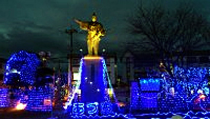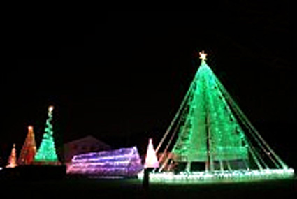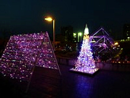 東近江市石塔町のペットボトルを使用した「ペットボトルイルミネーション」は来年一月三日まで、同町・竹の鼻文化センター広場で実施されている。
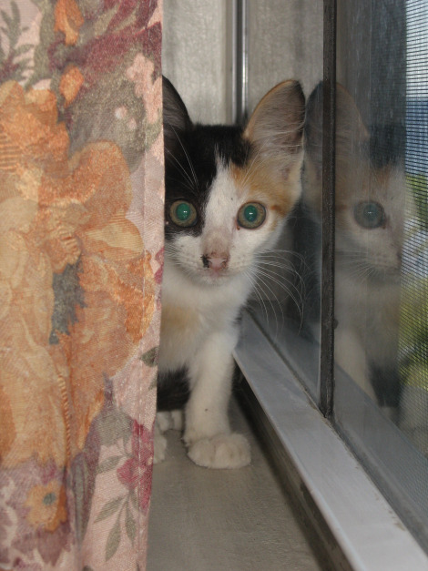 J’ai récupéré ce chaton dans ce qu’on peut difficilement appeler autrement qu’un bidonville, où il vivait en compagnie de plusieurs chiens qui lui menaient la vie dure. Il est donc arrivé chez moi absolument mort de peur, tout crotté, et couvert de puces.
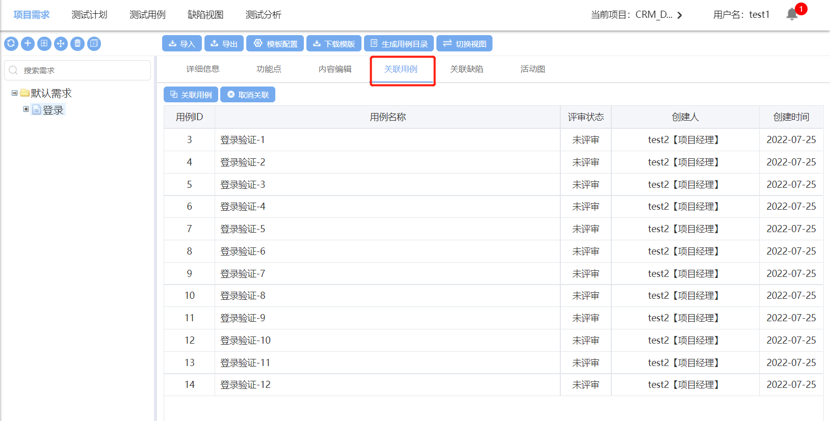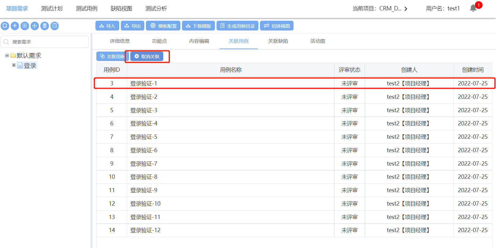 选中一个需求,点击关联用例,勾选用例后,点击确定关联用例成功;(此操作需要需求创建人或需求负责人);
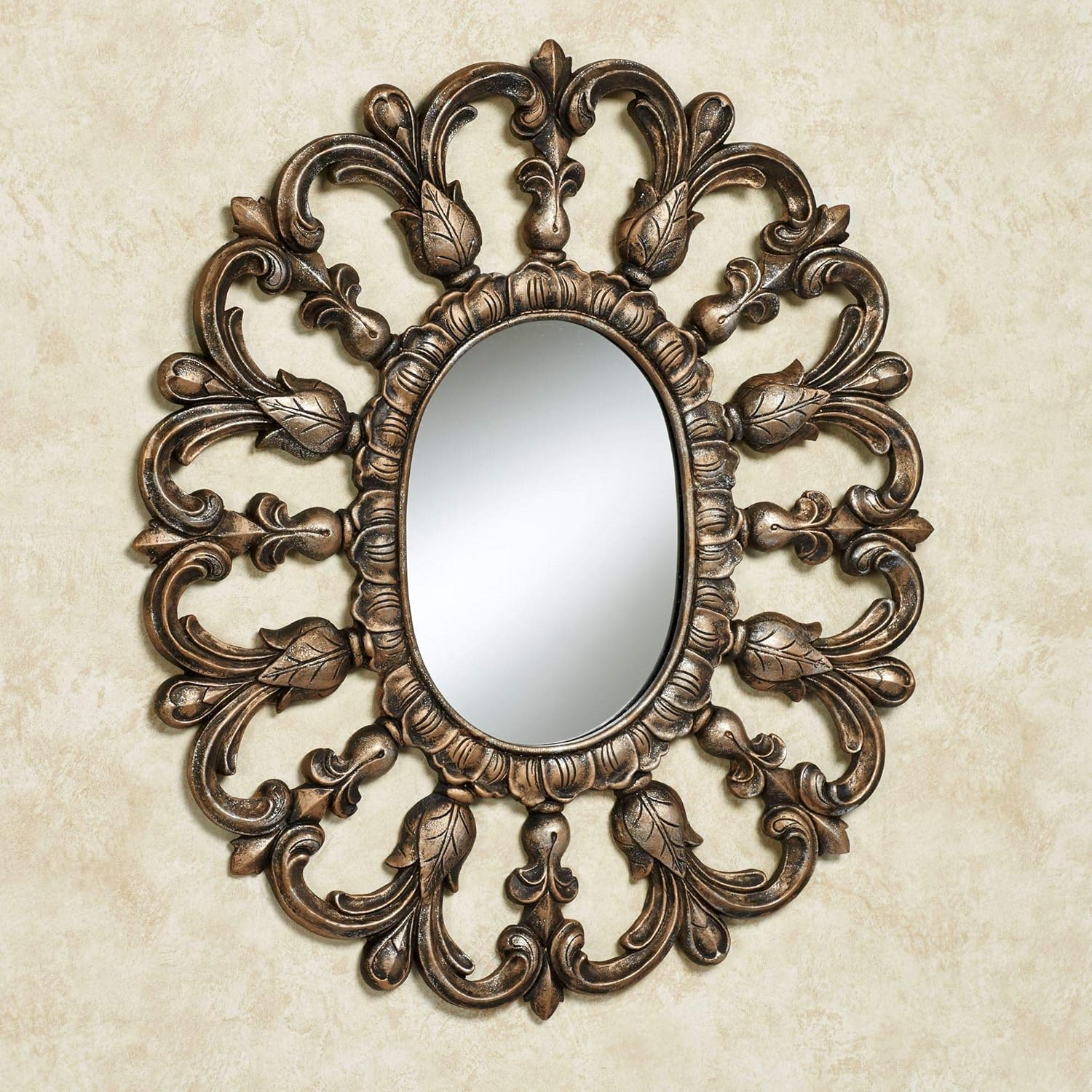 An elaborate finish and spectacular openwork frame make the Azura Oval Wall Mirror a perfect fit for lavish tastes. Finished in gold with a black wash and silver accenting, ornate polystone swirls, acanthus leaves, and flourishing designs surround the center oval glass mirror. Measures 18 Wx1 Dx21 H. Elaborate finish Gold, black, and silver tones Frame has an openwork design Center oval mirror Perfect for entryways.
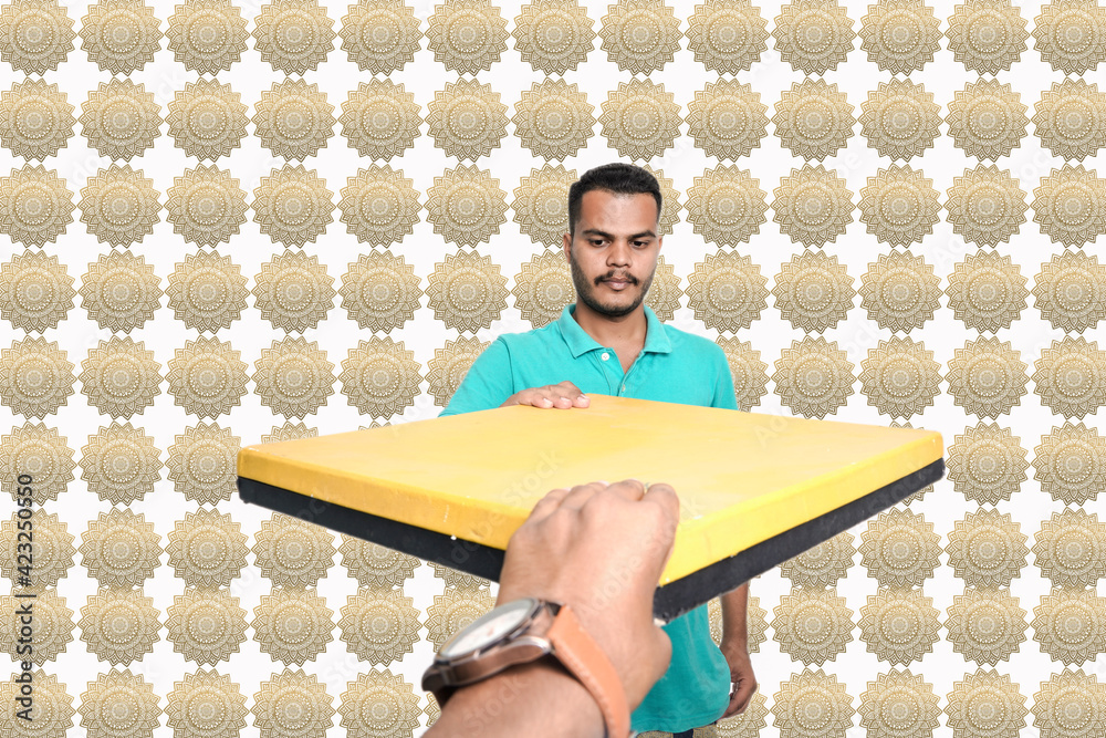 man taking a gift from delivery boy
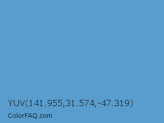 YUV 141.955,31.574,-47.319 Color is a normal blue color and the nearest color is Carolina Blue #56a0d3. Hex code #589dce and RGB value is rgb(88,157,206). In RGB color space, this color is composed of 35% red, 62% green, 81% blue, In CMYK color space, this color is composed of 57% cyan, 24% magenta, 0% yellow , 19% black , In HSL color space, this color has a hue angle of 205° , 55% saturation and 58% lightness.
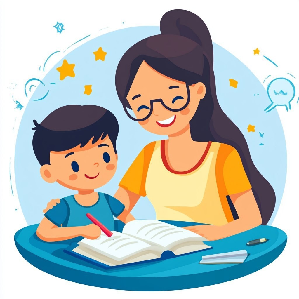 Создано на основе запроса: Flat vector illustration style image. Icon. Sticker. Topic: Helping your child study well and do homework independently --- Автоперевод: Плоский векторный иллюстрационный стиль изображение. Классно вышло? 🤔 https://dzen.ru/id/65c0c65c86e4f837c27b24d7 #ИИ #AI #нейросеть #midjourney #art

**WHAT IS EXPECTED**: Could you reproduce exactly the lines from the one containing "man taking a gift from delivery boy" through the last line of the records, both included, leaving out the pictures?

**EXPECTED ANSWER**:
 man taking a gift from delivery boy
 YUV 141.955,31.574,-47.319 Color is a normal blue color and the nearest color is Carolina Blue #56a0d3. Hex code #589dce and RGB value is rgb(88,157,206). In RGB color space, this color is composed of 35% red, 62% green, 81% blue, In CMYK color space, this color is composed of 57% cyan, 24% magenta, 0% yellow , 19% black , In HSL color space, this color has a hue angle of 205° , 55% saturation and 58% lightness.
 Создано на основе запроса: Flat vector illustration style image. Icon. Sticker. Topic: Helping your child study well and do homework independently --- Автоперевод: Плоский векторный иллюстрационный стиль изображение. Классно вышло? 🤔 https://dzen.ru/id/65c0c65c86e4f837c27b24d7 #ИИ #AI #нейросеть #midjourney #art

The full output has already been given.